The Chicago Faucet Company
- Type: Subsidiary
- Industry: Plumbing
- Founded: 1901; 125 years ago
- Founder: Albert Brown
- Headquarters: Des Plaines, Illinois, United States
- Area served: United States and Canada
- Key people: Fabian Huber (President)
- Revenue: US$270 million (2017)
- Parent: Geberit
- Website: chicagofaucets.com

= Chicago Faucet =

American plumbing fixtures company

The Chicago Faucet Company, often shortened to Chicago Faucets, founded on the near-west side of Chicago, Illinois, United States, has been producing faucets and other plumbing fixtures since 1901. The company founder, Albert C. Brown, invented the Quaturn Cartridge in 1913 that worked with the flow of water to make it both easy to open and close the spigots and forestalled leak development.

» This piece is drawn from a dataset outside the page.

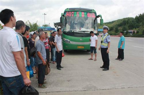 “中国抗日战争胜利暨反法西斯战争胜利70周年”小长假第二日,一辆超员过境大客车在途经粤桂省际卡口桂东收费站时被梧州交警高速一大队执勤民警逮个正着。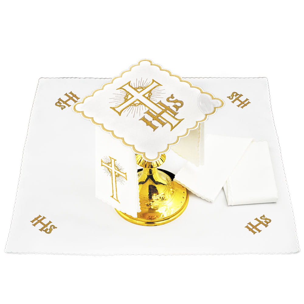 Bielizna kielichowa wykonana z wysokiej jakości tkaniny, zdobiona haftem z motywem eucharystycznym.

The Great Depression hit the company hard because of a decline in new construction. The company persevered by participating in the Chicago World's Fair of 1933 and briefly converted to the production of nuts, bolts, screws, and parachute hooks during World War II.

In 2002 the Swiss company Geberit AG acquired Chicago Faucet.

Currently the Chicago Faucet Company has its headquarters in Des Plaines, Illinois, and employs over 200 people in Des Plaines, Milwaukee, Elyria, Ohio, and Michigan City, Indiana.

Chicago Faucet has sales in the neighborhood of $270 million a year.